EXERCISE BRIEF
Search the listing below for the line containing "Waarom het niet". From there through the line containing "NOTETwo installation types", transcribe every line exactly, both ends included.

DATASET EXCERPTS

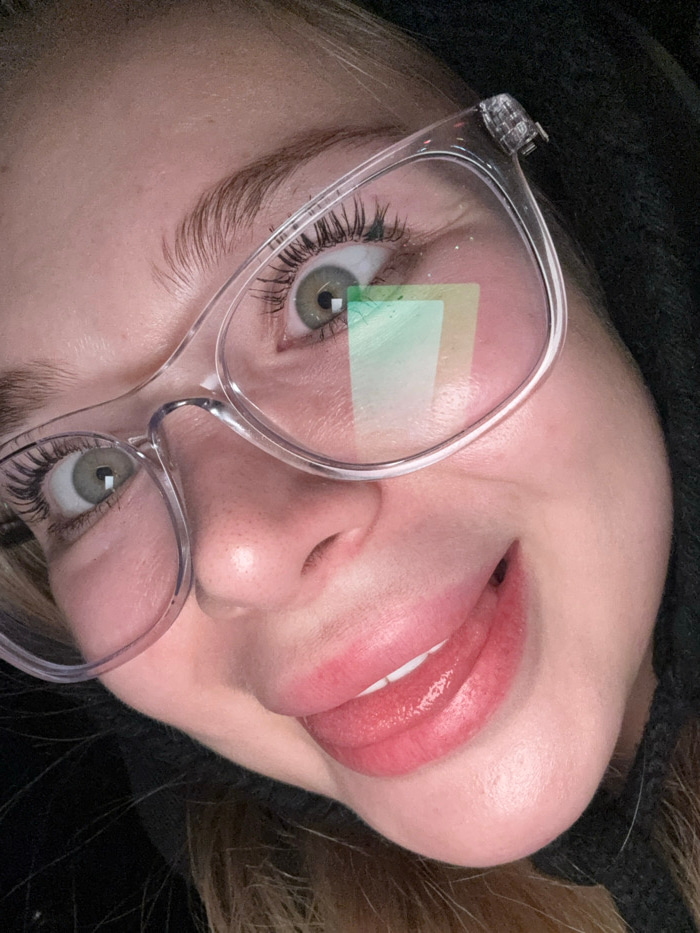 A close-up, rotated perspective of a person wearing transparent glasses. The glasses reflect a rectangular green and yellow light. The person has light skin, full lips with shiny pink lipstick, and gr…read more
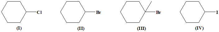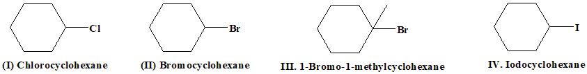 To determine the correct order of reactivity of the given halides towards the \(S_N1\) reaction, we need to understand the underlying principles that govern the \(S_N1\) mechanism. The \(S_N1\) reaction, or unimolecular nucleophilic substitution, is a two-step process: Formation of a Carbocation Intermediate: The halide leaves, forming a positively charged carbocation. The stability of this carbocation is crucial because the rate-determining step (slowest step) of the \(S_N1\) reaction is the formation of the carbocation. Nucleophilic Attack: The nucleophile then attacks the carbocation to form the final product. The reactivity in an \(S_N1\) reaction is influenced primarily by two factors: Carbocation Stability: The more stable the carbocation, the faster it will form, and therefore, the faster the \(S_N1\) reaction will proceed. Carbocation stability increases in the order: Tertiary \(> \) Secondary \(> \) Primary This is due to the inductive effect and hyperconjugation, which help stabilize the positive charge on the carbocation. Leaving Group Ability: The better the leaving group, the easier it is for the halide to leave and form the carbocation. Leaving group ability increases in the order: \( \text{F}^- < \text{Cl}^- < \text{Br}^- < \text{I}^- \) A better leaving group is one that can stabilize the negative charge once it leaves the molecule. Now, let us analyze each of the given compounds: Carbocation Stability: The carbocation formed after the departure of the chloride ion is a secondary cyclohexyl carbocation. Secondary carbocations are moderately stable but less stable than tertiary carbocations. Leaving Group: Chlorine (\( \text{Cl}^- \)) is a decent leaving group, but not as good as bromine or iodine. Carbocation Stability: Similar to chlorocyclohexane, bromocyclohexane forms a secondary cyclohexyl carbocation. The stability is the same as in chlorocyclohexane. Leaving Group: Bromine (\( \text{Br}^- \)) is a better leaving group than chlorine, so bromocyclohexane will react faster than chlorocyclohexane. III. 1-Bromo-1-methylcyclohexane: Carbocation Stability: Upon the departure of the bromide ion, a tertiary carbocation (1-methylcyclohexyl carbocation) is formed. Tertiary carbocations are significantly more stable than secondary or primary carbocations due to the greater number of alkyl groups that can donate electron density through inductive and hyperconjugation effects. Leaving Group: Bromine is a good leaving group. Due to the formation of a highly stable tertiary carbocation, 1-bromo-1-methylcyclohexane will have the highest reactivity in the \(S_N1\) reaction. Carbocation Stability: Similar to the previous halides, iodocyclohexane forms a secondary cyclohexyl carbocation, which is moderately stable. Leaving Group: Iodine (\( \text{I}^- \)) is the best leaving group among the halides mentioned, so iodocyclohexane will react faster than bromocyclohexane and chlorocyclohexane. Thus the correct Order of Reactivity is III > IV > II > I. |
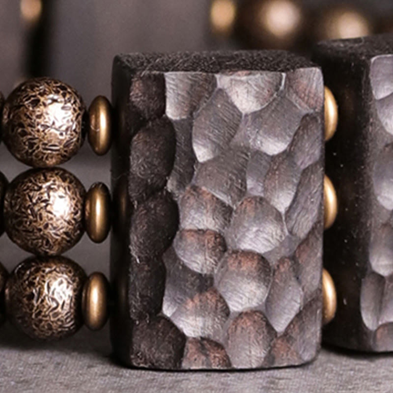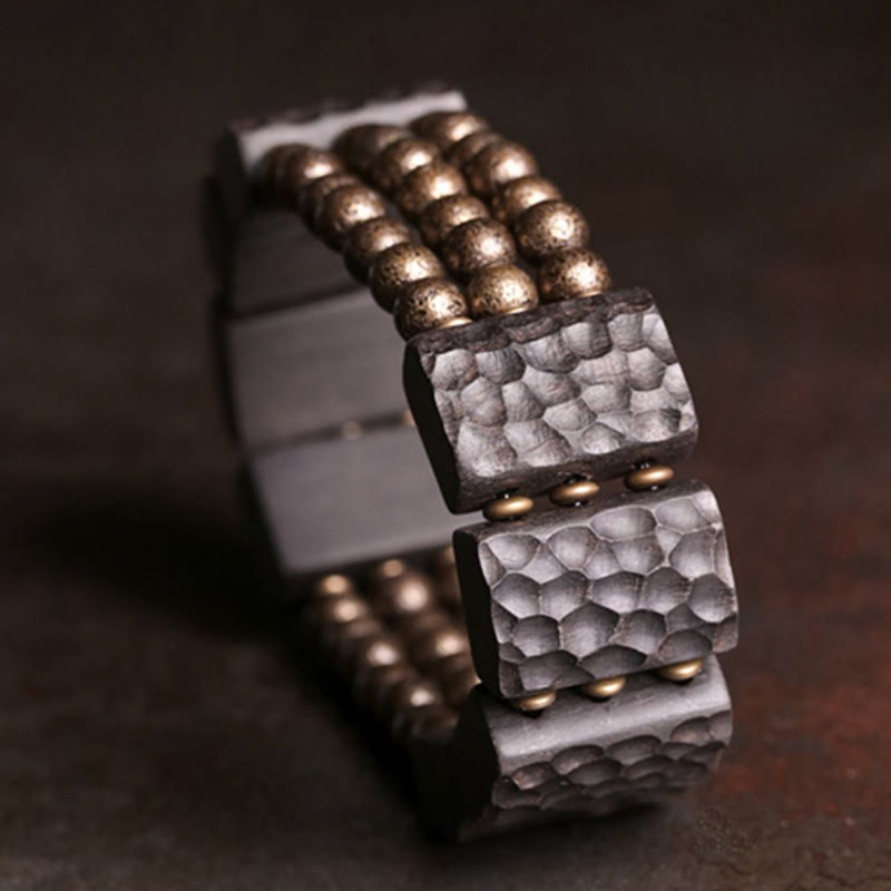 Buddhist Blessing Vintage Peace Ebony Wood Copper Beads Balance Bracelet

==

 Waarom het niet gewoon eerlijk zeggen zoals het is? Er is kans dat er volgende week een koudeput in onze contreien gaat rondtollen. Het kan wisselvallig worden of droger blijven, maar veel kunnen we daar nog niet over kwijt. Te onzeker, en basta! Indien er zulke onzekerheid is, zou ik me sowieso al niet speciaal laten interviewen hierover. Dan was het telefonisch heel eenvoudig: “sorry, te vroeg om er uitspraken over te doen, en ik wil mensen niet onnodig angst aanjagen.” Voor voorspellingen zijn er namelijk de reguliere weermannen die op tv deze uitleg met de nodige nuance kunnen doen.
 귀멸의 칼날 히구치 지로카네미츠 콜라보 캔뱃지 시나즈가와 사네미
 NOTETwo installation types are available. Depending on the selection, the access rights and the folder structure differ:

SOLUTION
 Waarom het niet gewoon eerlijk zeggen zoals het is? Er is kans dat er volgende week een koudeput in onze contreien gaat rondtollen. Het kan wisselvallig worden of droger blijven, maar veel kunnen we daar nog niet over kwijt. Te onzeker, en basta! Indien er zulke onzekerheid is, zou ik me sowieso al niet speciaal laten interviewen hierover. Dan was het telefonisch heel eenvoudig: “sorry, te vroeg om er uitspraken over te doen, en ik wil mensen niet onnodig angst aanjagen.” Voor voorspellingen zijn er namelijk de reguliere weermannen die op tv deze uitleg met de nodige nuance kunnen doen.
 귀멸의 칼날 히구치 지로카네미츠 콜라보 캔뱃지 시나즈가와 사네미
 NOTETwo installation types are available. Depending on the selection, the access rights and the folder structure differ:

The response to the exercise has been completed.